As a result, some NBC affiliates that did not choose to fill the time period formerly occupied by the Mad Money replays with syndicated programs or infomercials following the change now air Early Today in the form of two separate editions or as a 90-minute to 2½-hour loop – in which case, the program competes against ABC's World News Now and the CBS News Roundup, effectively resulting in Early Today acting as NBC's de facto overnight network newscast, especially west of the boundary of the Central Time Zone.

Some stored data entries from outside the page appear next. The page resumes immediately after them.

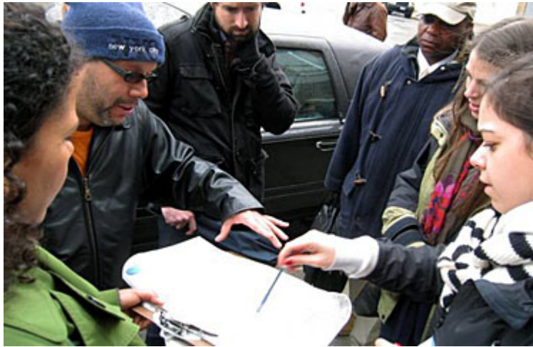
Residents tour the neighborhood with DCP facilitators and volunteers from local graduate planning schools during the first part of the event.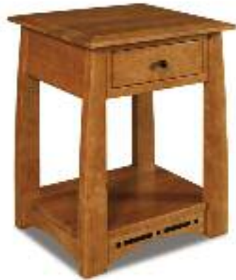
S019 1-drawer open nightstand 22"w x 19.5"d x 30"h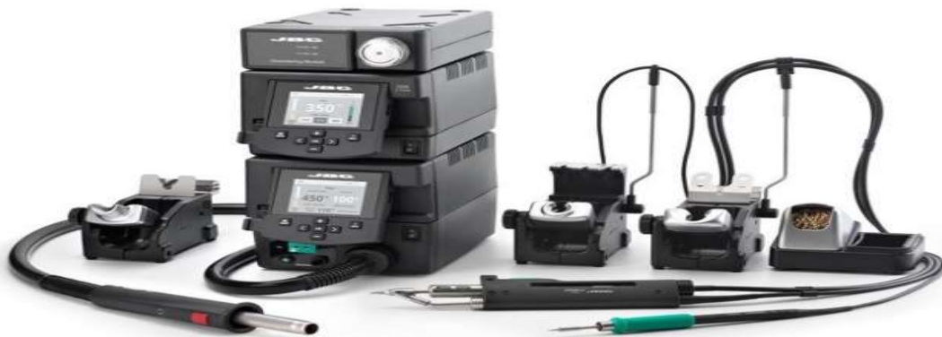
Figure: illustrative purpose only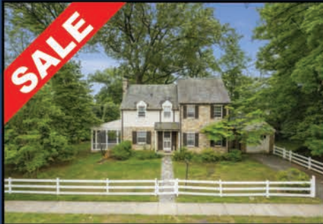
2101 Foresthill Rd $1,500,000

Leading the Area in Real Estate SOLD!!!!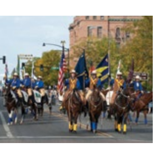
Homecoming Parade, Downtown Bozeman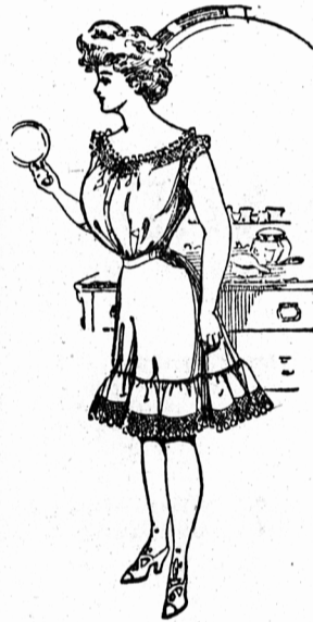
Corset Cover 309—52c Drawers 608—38c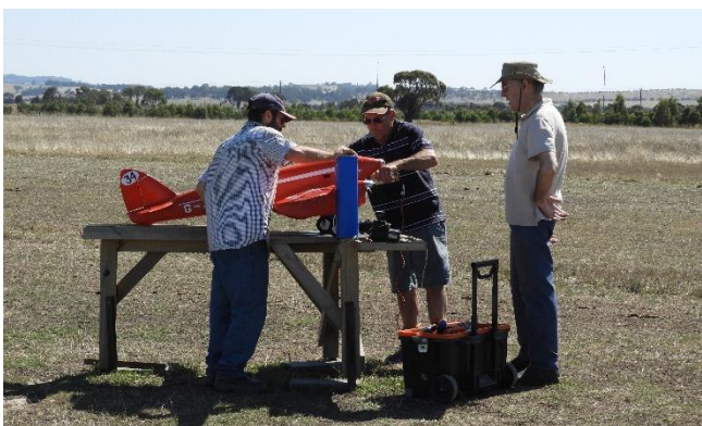
Max also had the DH88 out again after fixing the engine nacelles mounting problem encountered on the previous outing a month ago. There seems to be some other issues that prevented a test flight on the day.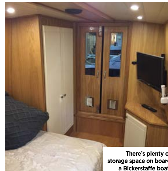
There's plenty of storage space on board a Bickerstaffe boat.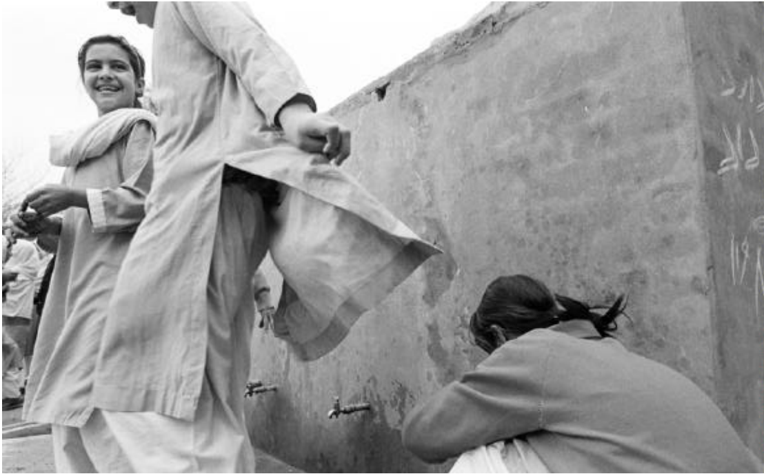
Girls at a school set up for orphaned children by Revolutionary Association of Women of Afghanistan (RAWA). Peshawar, Pakistan. February, 2002.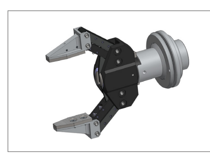
PM • W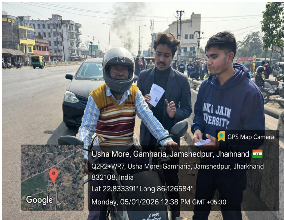
Figure 3: Students gathered together for spreading Traffic awareness.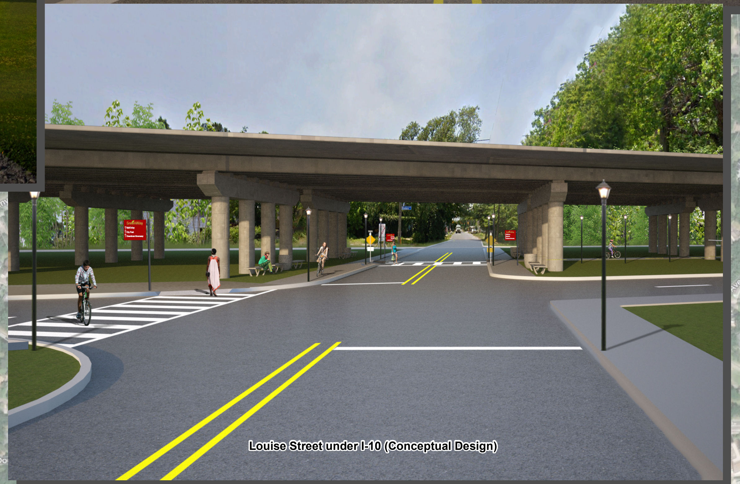
Louise Street under I-10 (Conceptual Design)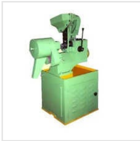
Nut Tapping Single Spindle Machine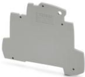
End cover for terminating a row of TERMITRAB complete TTC-6... terminal blocks

Please be informed that the data shown in this PDF Document is generated from our Online Catalog. Please find the complete data in the user's documentation. Our General Terms of Use for Downloads are valid ( http://phoenixcontact.com/download )

[citation needed] Early Today and First Look are traditionally pre-empted during the Summer and Winter Olympic Games to allow the airing of overnight replays of NBC's primetime Olympic event coverage and live coverage on the NBC broadcast network and MSNBC, along with allowing stations to fulfill syndicated programming requirements where a distributor requires their programs to still air in some form with the open slot, albeit during the overnights.

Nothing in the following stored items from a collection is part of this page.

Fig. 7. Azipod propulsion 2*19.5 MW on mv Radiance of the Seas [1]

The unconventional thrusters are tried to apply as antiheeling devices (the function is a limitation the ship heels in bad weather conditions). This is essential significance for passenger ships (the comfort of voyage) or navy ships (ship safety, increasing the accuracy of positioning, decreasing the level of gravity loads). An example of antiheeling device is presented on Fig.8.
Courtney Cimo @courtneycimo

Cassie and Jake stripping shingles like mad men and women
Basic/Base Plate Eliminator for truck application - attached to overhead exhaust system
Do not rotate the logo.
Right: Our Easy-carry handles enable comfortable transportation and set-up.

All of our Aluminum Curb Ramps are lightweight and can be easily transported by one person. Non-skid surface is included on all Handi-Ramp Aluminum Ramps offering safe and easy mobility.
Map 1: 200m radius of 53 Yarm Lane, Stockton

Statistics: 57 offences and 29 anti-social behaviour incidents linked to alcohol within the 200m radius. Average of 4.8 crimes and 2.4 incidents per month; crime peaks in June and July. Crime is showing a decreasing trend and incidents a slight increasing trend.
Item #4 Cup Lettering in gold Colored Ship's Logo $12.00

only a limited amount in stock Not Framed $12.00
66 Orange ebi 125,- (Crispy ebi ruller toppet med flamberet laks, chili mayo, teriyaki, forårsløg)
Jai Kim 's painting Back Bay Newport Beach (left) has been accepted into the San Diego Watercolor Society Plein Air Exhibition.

[citation needed] Early Today premiered on September 9, 1999[1] as a replacement for NBC News at Sunrise, which NBC decided to cancel in April 1999 as part of a major shakeup of the network's daytime and early morning schedules (these changes included the launch of another Today-branded program, the short-lived talk show Later Today, as well as the cancellation of the long-running soap opera Another World).
Some NBC affiliates do not air the entire program, and a purposeful sign-off is made by the show's anchor at the 24-minute mark in order to allow stations to air an early weather segment or start their morning newscast early, while NBC carries a non-essential human interest or light news story to end the telecast for stations that carry the entire program.
MSNBC's master control facilities were relocated to the CNBC Headquarters at the NBC Universal Network Organization Center in Englewood Cliffs, New Jersey.